About

Natalia Sobrevilla Perea is a researcher at the Instituto Riva Agüero, Pontificia Universidad Católica del Perú. She is a historian of nineteenth-century Latin America whose research examines how wars of independence, military institutions, constitutional politics, and political culture shaped the formation of early republican states and national identities in the Andean region.

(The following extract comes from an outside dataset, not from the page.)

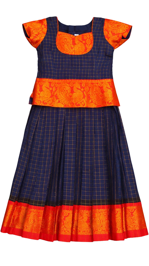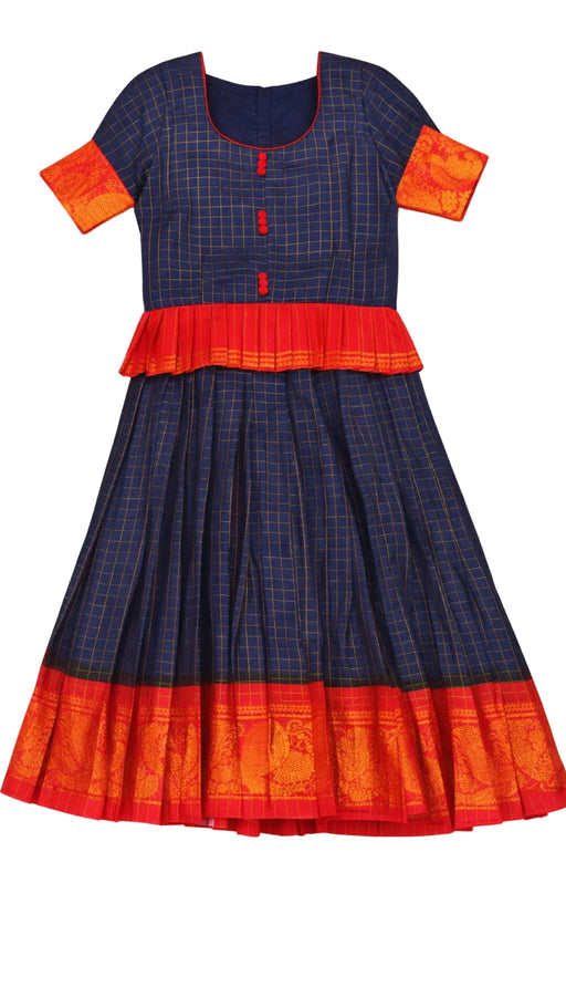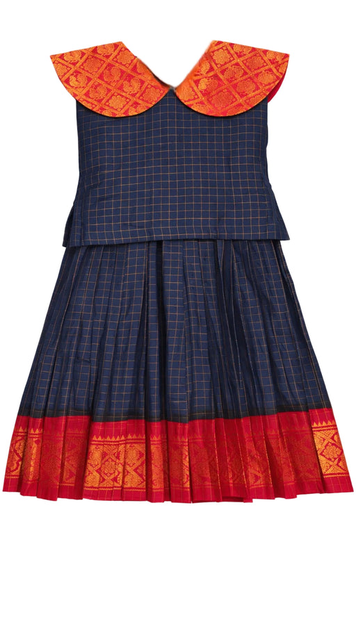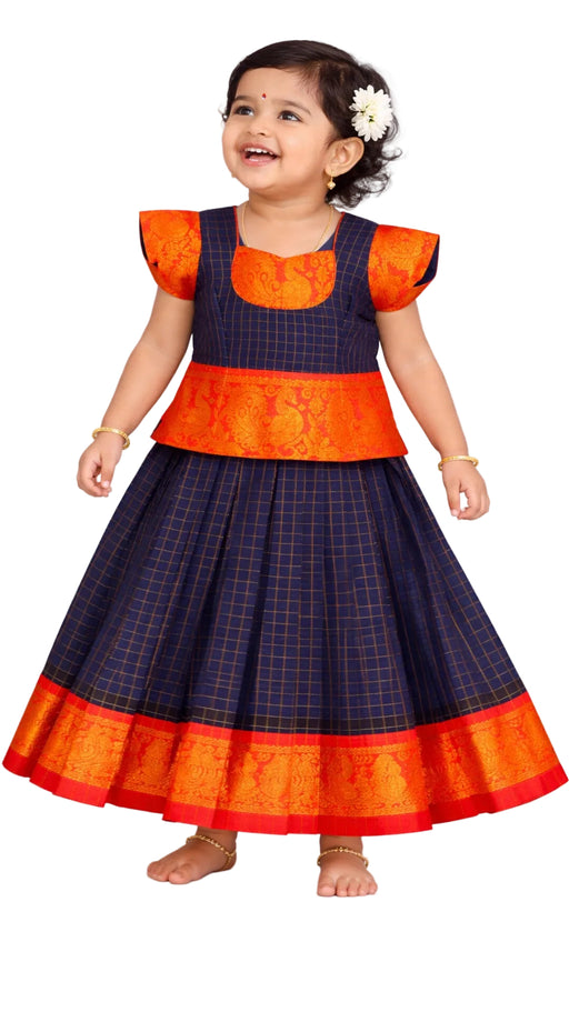 Traditional Kids Pavadai Sattai Navy Blue Rani Sungudi Cotton Dress

Her Kellogg research project, titled “Fashioning Democratic Institutions from Conflict: How Mid-nineteenth Century Latin American Constitutions were Forged in Civil Wars,” examines how civil wars across Latin America reshaped political life and led to new constitutional frameworks. By comparing conflicts in countries such as Mexico, Argentina, Colombia, and Peru, it explores how cycles of upheaval and reaction influenced the development of early republican institutions.

Supported by grants from the British Academy, the Leverhulme Trust, and the Humboldt Foundation, Sobrevilla Perea has published extensively on independence, authoring or editing 12 books, including Armed Citizens and Citizens in Arms: The Military and the Creation of the State in Nineteenth-Century Peru (Cambridge University Press, 2025). Her research also appears in leading journals like the Latin American Research Review, European Historical Quarterly, Revista de Indias, and Jahrbuch für Geschichte Lateinamerikas. Additionally, she has led international research networks and directed British Library-funded projects to preserve and digitalize nineteenth-century Peruvian newspapers.

Previously a professor at the University of Kent for 17 years, she has held visiting fellowships at Yale and the John Carter Brown Library. She holds a PhD and MA from the University of London and a Master’s degree from the University of Vienna.